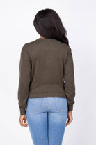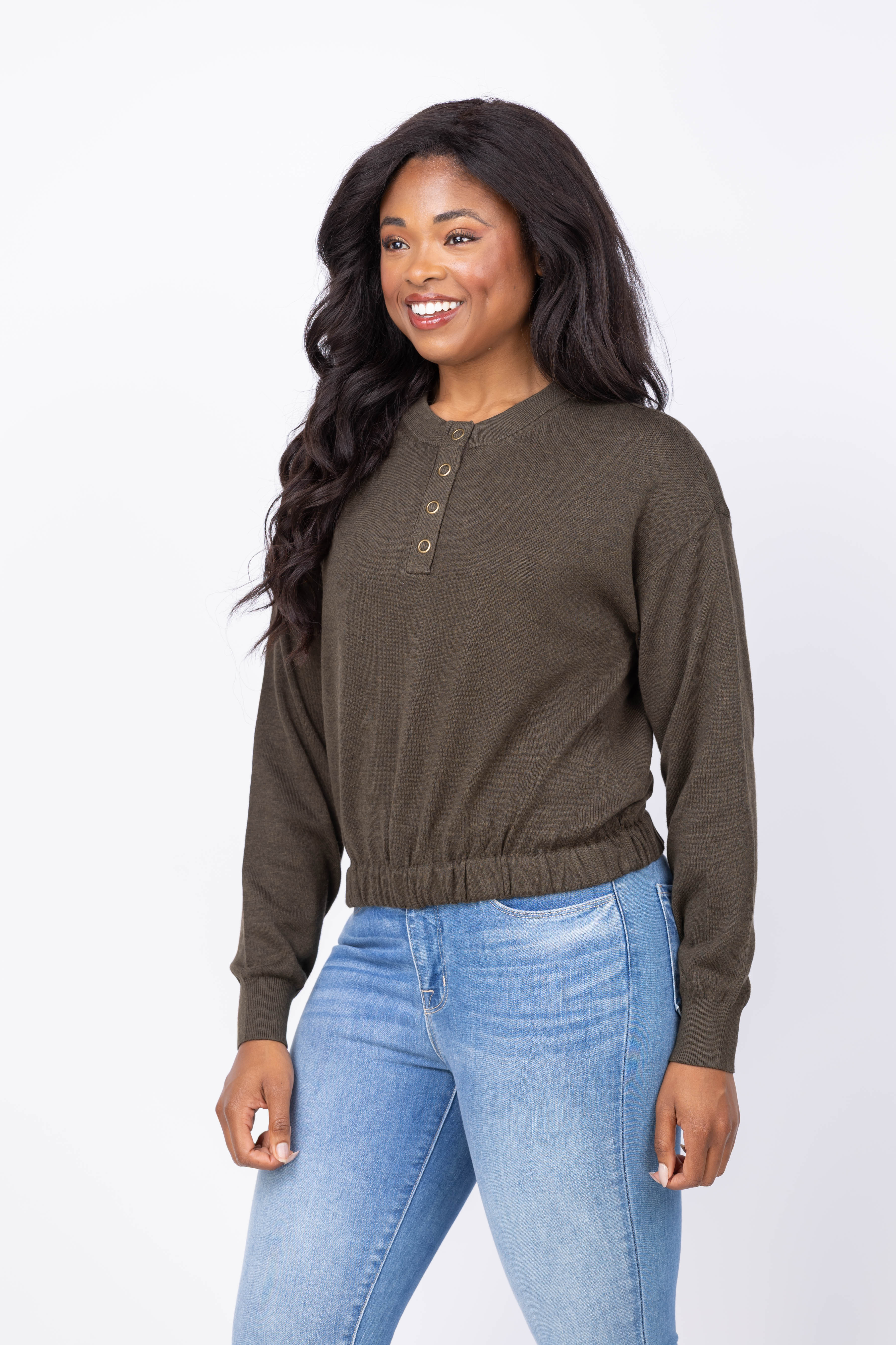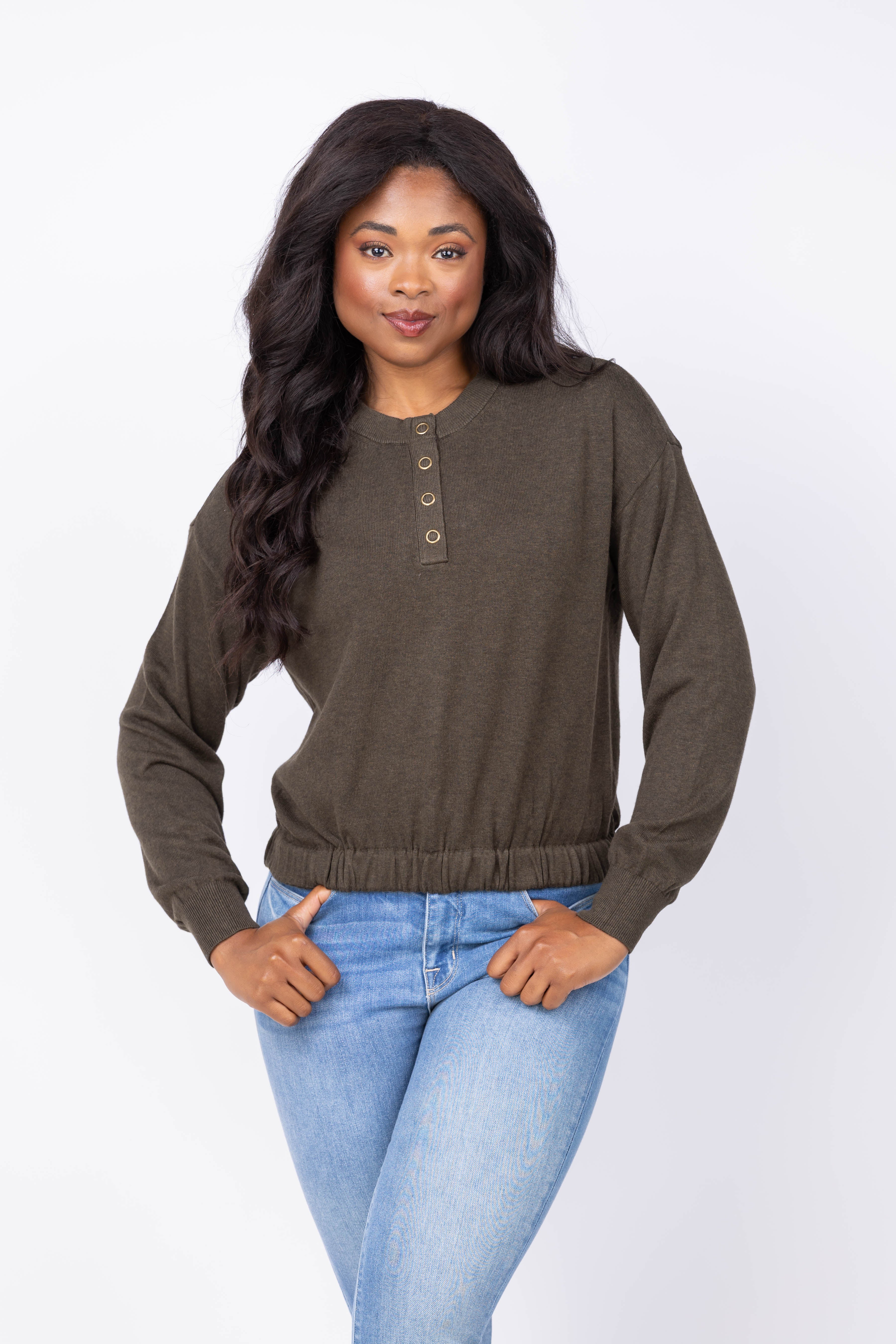 Experience effortless style with the Lilla P Elastic Waist Henley Sweater in Fir. Crafted from a soft Cotton Modal blend, this sweater offers a comfortable drape that moves with you. Its shorter length pairs seamlessly with high-waisted bottoms, creating a flattering silhouette. Relaxed dropped shoulders enhance comfort, while the Henley neckline with snap closure adds a casual, laid-back vibe. Perfect for everyday wear, this versatile piece combines comfort and style with ease.
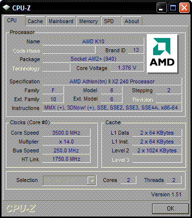 | Разгон, максимально стабильная частота (FSB x Ratio) | 3500 (250 x 14.0) |
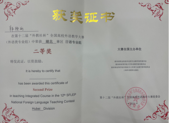 (通讯员:车桥)近期,第十二届“外教社杯”全国高校外语教学大赛(外语类专业组)湖北分赛区决赛结果揭晓。由于目前尚处于疫情防控期间,决赛以线上形式举行,必赢官网日语专业组选手韩艳丽老师在激烈角逐中荣获二等奖。
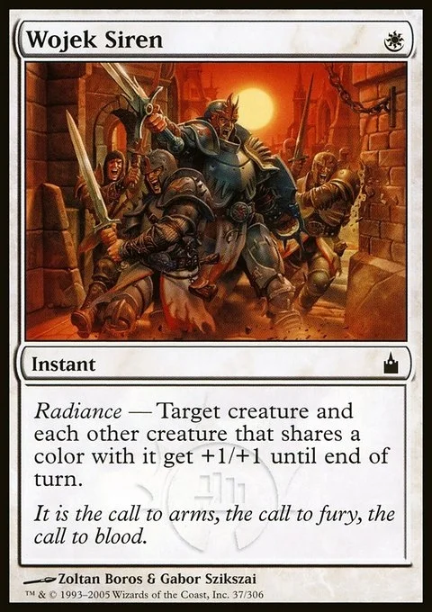 Radiance — Target creature and each other creature that shares a color with it get +1/+1 until end of turn.
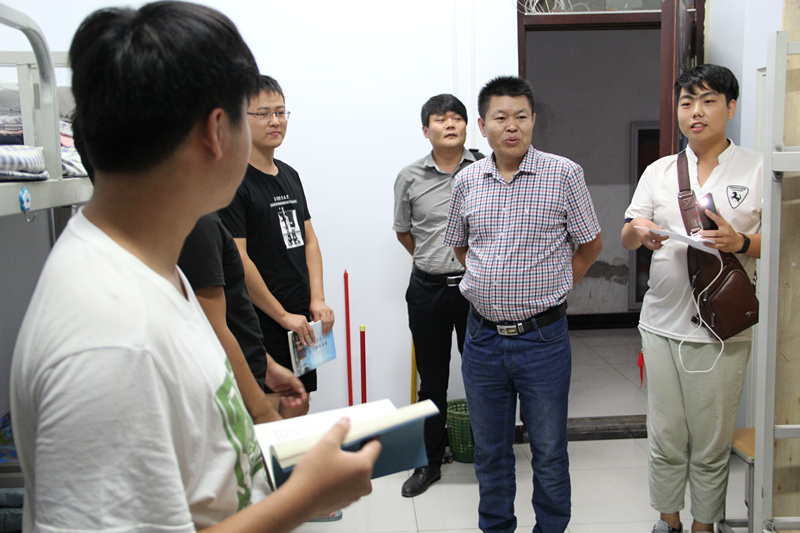 9月10日19:30,化学化工学院党委书记赵亦芳、院长张裕平、党委副书记朱宏、副院长谷永庆以及全体辅导员到新生宿舍走访慰问2018级全体学生。
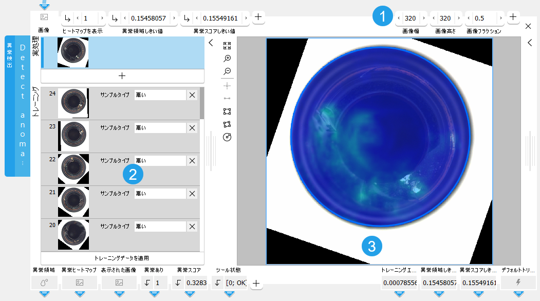 このツールは、トレーニングモードとともに使用されます。 すなわち、最初のトレーニングは、異常のあるトレーニング画像と異常のないトレーニング画像の選択したサンプルと、特定のトレーニングパラメーターに基づいて行います。「不良」サンプル (異常を示す画像) 付きの画像のトレーニングは必要ありませんが、ディープラーニングモデルの強化に役立ちます。
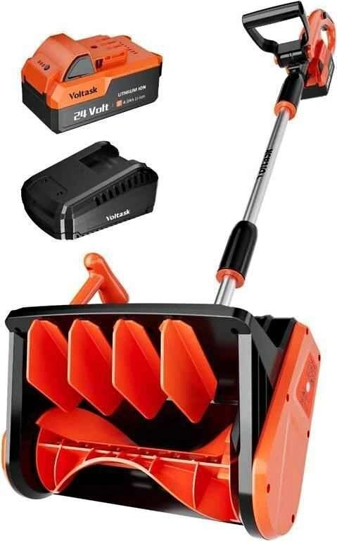Brand new VOLTASK 24V 13-inch Cordless Snow Shovel Electric Snow Blower with Directional Plate, Battery & Quick Charger Included for Driveway & Sidewalks.
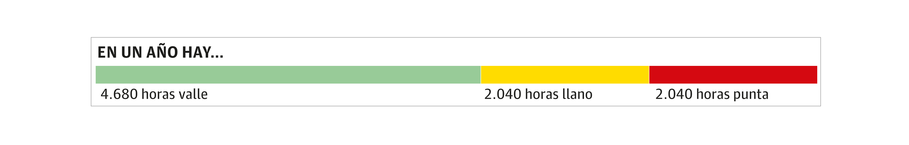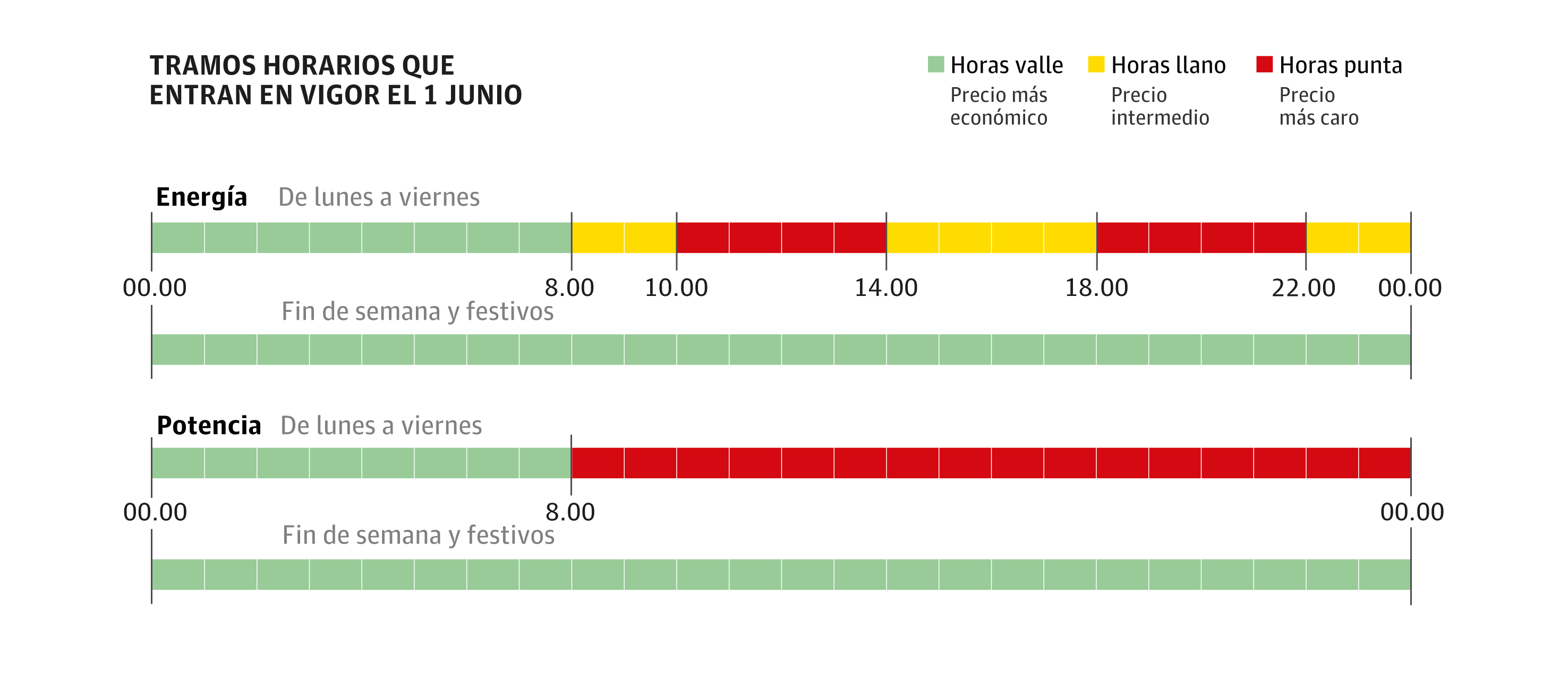Los nuevos horarios ya se encuentran meridianamente definidos: el tramo más barato (el valle) va desde las 00.00 hasta las 08.00 horas, así como todo el fin de semana y los festivos; el intermedio (llano), de 08.00 a 10.00 y de 14.00 a 18.00 horas, de lunes a viernes. Y también en esos mismos cinco días, el tramo más caro (punta) se encuentra fijado de 10.00 a 14.00 horas, y de 18.00 a 22.00 horas.
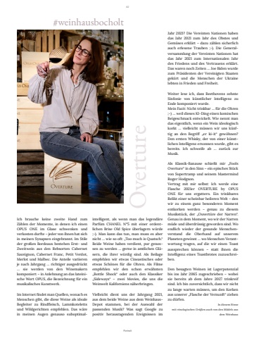 Ich brauche keine zweite Hand zum Z%u00e4hlen der Momente, in denen ich einen OPUS ONE im Glase schwenken und verkosten durfte %u2013 jeder von ihnen hat sich in meinen Synapsen eingebrannt. Im Stile der gro%u00dfen Bordeaux bestehen Erst- und Zweitwein aus den Rebsorten Cabernet Sauvignon, Cabernet Franc, Petit Verdot, Merlot und Malbec. Die Anteile variierenje nach Jahrgang %u2026 richtiger ausgedr%u00fcckt %u2026 sie werden von den Winemakern komponiert %u2013 in Anlehnung an das lateinische Wort OPUS, die Bezeichnung f%u00fcr ein musikalisches Kunstwerk.Im Internet findet man Quellen, wonach es Menschen gibt, die diese Weine als ideale Begleiter zu Rindfleisch, Lammkoteletts und Wildgerichten empfehlen. Das w%u00e4re in meinen Augen genauso suboptimalintelligent, als wenn man das legend%u00e4re Parf%u00fcm CHANEL N%u00b05 mit einer ordentlichen Brise Old Spice %u00fcberlagern w%u00fcrde ;-). Man kann das tun, man muss es aber nicht %u2026 wie so oft: %u201eToo much is Quatsch.%u201c Beide Weine haben verdient, pur genossen zu werden %u2026 gerne in amtlichen Gl%u00e4sern, die ihrer w%u00fcrdig sind. Als Beilage empfehlen wir etwas Cineastisches oder etwas Sch%u00f6nes f%u00fcr die Ohren. Als Filme empfehlen wir den schon erw%u00e4hnten %u201eBottle Shock%u201c oder auch den Klassiker %u201eSideways%u201c %u2013 zwei Movies, die uns die Weinwelt Kaliforniens n%u00e4herbringen.Vielleicht dient uns der Jahrgang 2021, aus dem beide Weine aus dem WeinhausDepot stammen, bei der Auswahl der passenden Musik? Was sagt Google zu positiv herausragenden Ereignissen im Jahr 2021? Die Vereinten Nationen haben das Jahr 2021 zum Jahr des Obstes und Gem%u00fcses erkl%u00e4rt %u2013 dazu z%u00e4hlen sicherlich auch erlesene Trauben ;-). Die Generalversammlung der Vereinten Nationen hat das Jahr 2021 zum Internationalen Jahr des Friedens und des Vertrauens erkl%u00e4rt. Das waren noch Zeiten %u2026 Joe Biden wurdezum Pr%u00e4sidenten der Vereinigten Staaten gek%u00fcrt und die Menschen der Ukraine lebten in Frieden und Freiheit.Weiter lese ich, dass Beethovens zehnteSinfonie von k%u00fcnstlicher Intelligenz zu Ende komponiert wurde.Mein Fazit: Nicht trinkbar %u2026 f%u00fcr die Ohren ;-) %u2026 weil dieses KI-Ding einen komischen Beigeschmack entwickelt. Wie nennt man das eigentlich, wenn ein Wein ideologisch korkt %u2026 vielleicht m%u00fcssen wir uns k%u00fcnftig an den Begriff %u201eer ki-it%u201c gew%u00f6hnen? Den ersten Whisky, der von einer k%u00fcnstlichen Intelligenz ersonnen wurde, gibt es bereits. Ich schweife ab %u2026 zur%u00fcck zur Musik.Als Klassik-Banause schie%u00dft mir %u201eFools Overture%u201c in den Sinn %u2013 ein episches St%u00fcck von Supertramp und seinem Mastermind Roger Hodgson. Vertrag mit mir selbst: Ich werde eine Flasche 2021er OVERTURE by OPUS ONE f%u00fcr uns ergattern. Ein trinkbares Relikt einer scheinbar heileren Welt %u2013 den wir zu einem ganz besonderen Moment entkorken werden %u2013 genau zu diesem Musikst%u00fcck, der %u201eOuvert%u00fcre der Narren%u201c. Genau in dem Moment, wo wir der Narren m%u00fcde und %u00fcberdr%u00fcssig geworden sind. Wo endlich wieder der gesunde Menschenverstand die Oberhand auf unserem Planeten gewinnt %u2026 wo Menschen Verantwortung tragen, auf die wir einen Toast aussprechen k%u00f6nnen %u2013 statt ihnen die Intelligenz eines Toastbrotes zuzuschreiben.Den besagten Weinen ist Lagerpotenzial bis ins Jahr 2065 zugeschrieben %u2013 wobei sie bereits ab dem Jahre 2027 trinkreif sind. Ich bin zuversichtlich, dass wir nicht zu lange warten m%u00fcssen, um den Korken aus unserer %u201eFlasche der Vernunft%u201c ziehen zu d%u00fcrfen.In diesem Sinnemit vinologischen Gr%u00fc%u00dfen auch von den M%u00e4dels aus dem WeinhausOverture#weinhausbocholt82Portrait
────────────────────
PROBLEM STATEMENT: Transcribe the data completely. No pictures should appear in the transcription.

ANSWER AREA:
 Experience effortless style with the Lilla P Elastic Waist Henley Sweater in Fir. Crafted from a soft Cotton Modal blend, this sweater offers a comfortable drape that moves with you. Its shorter length pairs seamlessly with high-waisted bottoms, creating a flattering silhouette. Relaxed dropped shoulders enhance comfort, while the Henley neckline with snap closure adds a casual, laid-back vibe. Perfect for everyday wear, this versatile piece combines comfort and style with ease.
 | Разгон, максимально стабильная частота (FSB x Ratio) | 3500 (250 x 14.0) |
 (通讯员:车桥)近期,第十二届“外教社杯”全国高校外语教学大赛(外语类专业组)湖北分赛区决赛结果揭晓。由于目前尚处于疫情防控期间,决赛以线上形式举行,必赢官网日语专业组选手韩艳丽老师在激烈角逐中荣获二等奖。
 Radiance — Target creature and each other creature that shares a color with it get +1/+1 until end of turn.
 9月10日19:30,化学化工学院党委书记赵亦芳、院长张裕平、党委副书记朱宏、副院长谷永庆以及全体辅导员到新生宿舍走访慰问2018级全体学生。
 このツールは、トレーニングモードとともに使用されます。 すなわち、最初のトレーニングは、異常のあるトレーニング画像と異常のないトレーニング画像の選択したサンプルと、特定のトレーニングパラメーターに基づいて行います。「不良」サンプル (異常を示す画像) 付きの画像のトレーニングは必要ありませんが、ディープラーニングモデルの強化に役立ちます。
Brand new VOLTASK 24V 13-inch Cordless Snow Shovel Electric Snow Blower with Directional Plate, Battery & Quick Charger Included for Driveway & Sidewalks.
Los nuevos horarios ya se encuentran meridianamente definidos: el tramo más barato (el valle) va desde las 00.00 hasta las 08.00 horas, así como todo el fin de semana y los festivos; el intermedio (llano), de 08.00 a 10.00 y de 14.00 a 18.00 horas, de lunes a viernes. Y también en esos mismos cinco días, el tramo más caro (punta) se encuentra fijado de 10.00 a 14.00 horas, y de 18.00 a 22.00 horas.
 Ich brauche keine zweite Hand zum Z%u00e4hlen der Momente, in denen ich einen OPUS ONE im Glase schwenken und verkosten durfte %u2013 jeder von ihnen hat sich in meinen Synapsen eingebrannt. Im Stile der gro%u00dfen Bordeaux bestehen Erst- und Zweitwein aus den Rebsorten Cabernet Sauvignon, Cabernet Franc, Petit Verdot, Merlot und Malbec. Die Anteile variierenje nach Jahrgang %u2026 richtiger ausgedr%u00fcckt %u2026 sie werden von den Winemakern komponiert %u2013 in Anlehnung an das lateinische Wort OPUS, die Bezeichnung f%u00fcr ein musikalisches Kunstwerk.Im Internet findet man Quellen, wonach es Menschen gibt, die diese Weine als ideale Begleiter zu Rindfleisch, Lammkoteletts und Wildgerichten empfehlen. Das w%u00e4re in meinen Augen genauso suboptimalintelligent, als wenn man das legend%u00e4re Parf%u00fcm CHANEL N%u00b05 mit einer ordentlichen Brise Old Spice %u00fcberlagern w%u00fcrde ;-). Man kann das tun, man muss es aber nicht %u2026 wie so oft: %u201eToo much is Quatsch.%u201c Beide Weine haben verdient, pur genossen zu werden %u2026 gerne in amtlichen Gl%u00e4sern, die ihrer w%u00fcrdig sind. Als Beilage empfehlen wir etwas Cineastisches oder etwas Sch%u00f6nes f%u00fcr die Ohren. Als Filme empfehlen wir den schon erw%u00e4hnten %u201eBottle Shock%u201c oder auch den Klassiker %u201eSideways%u201c %u2013 zwei Movies, die uns die Weinwelt Kaliforniens n%u00e4herbringen.Vielleicht dient uns der Jahrgang 2021, aus dem beide Weine aus dem WeinhausDepot stammen, bei der Auswahl der passenden Musik? Was sagt Google zu positiv herausragenden Ereignissen im Jahr 2021? Die Vereinten Nationen haben das Jahr 2021 zum Jahr des Obstes und Gem%u00fcses erkl%u00e4rt %u2013 dazu z%u00e4hlen sicherlich auch erlesene Trauben ;-). Die Generalversammlung der Vereinten Nationen hat das Jahr 2021 zum Internationalen Jahr des Friedens und des Vertrauens erkl%u00e4rt. Das waren noch Zeiten %u2026 Joe Biden wurdezum Pr%u00e4sidenten der Vereinigten Staaten gek%u00fcrt und die Menschen der Ukraine lebten in Frieden und Freiheit.Weiter lese ich, dass Beethovens zehnteSinfonie von k%u00fcnstlicher Intelligenz zu Ende komponiert wurde.Mein Fazit: Nicht trinkbar %u2026 f%u00fcr die Ohren ;-) %u2026 weil dieses KI-Ding einen komischen Beigeschmack entwickelt. Wie nennt man das eigentlich, wenn ein Wein ideologisch korkt %u2026 vielleicht m%u00fcssen wir uns k%u00fcnftig an den Begriff %u201eer ki-it%u201c gew%u00f6hnen? Den ersten Whisky, der von einer k%u00fcnstlichen Intelligenz ersonnen wurde, gibt es bereits. Ich schweife ab %u2026 zur%u00fcck zur Musik.Als Klassik-Banause schie%u00dft mir %u201eFools Overture%u201c in den Sinn %u2013 ein episches St%u00fcck von Supertramp und seinem Mastermind Roger Hodgson. Vertrag mit mir selbst: Ich werde eine Flasche 2021er OVERTURE by OPUS ONE f%u00fcr uns ergattern. Ein trinkbares Relikt einer scheinbar heileren Welt %u2013 den wir zu einem ganz besonderen Moment entkorken werden %u2013 genau zu diesem Musikst%u00fcck, der %u201eOuvert%u00fcre der Narren%u201c. Genau in dem Moment, wo wir der Narren m%u00fcde und %u00fcberdr%u00fcssig geworden sind. Wo endlich wieder der gesunde Menschenverstand die Oberhand auf unserem Planeten gewinnt %u2026 wo Menschen Verantwortung tragen, auf die wir einen Toast aussprechen k%u00f6nnen %u2013 statt ihnen die Intelligenz eines Toastbrotes zuzuschreiben.Den besagten Weinen ist Lagerpotenzial bis ins Jahr 2065 zugeschrieben %u2013 wobei sie bereits ab dem Jahre 2027 trinkreif sind. Ich bin zuversichtlich, dass wir nicht zu lange warten m%u00fcssen, um den Korken aus unserer %u201eFlasche der Vernunft%u201c ziehen zu d%u00fcrfen.In diesem Sinnemit vinologischen Gr%u00fc%u00dfen auch von den M%u00e4dels aus dem WeinhausOverture#weinhausbocholt82Portrait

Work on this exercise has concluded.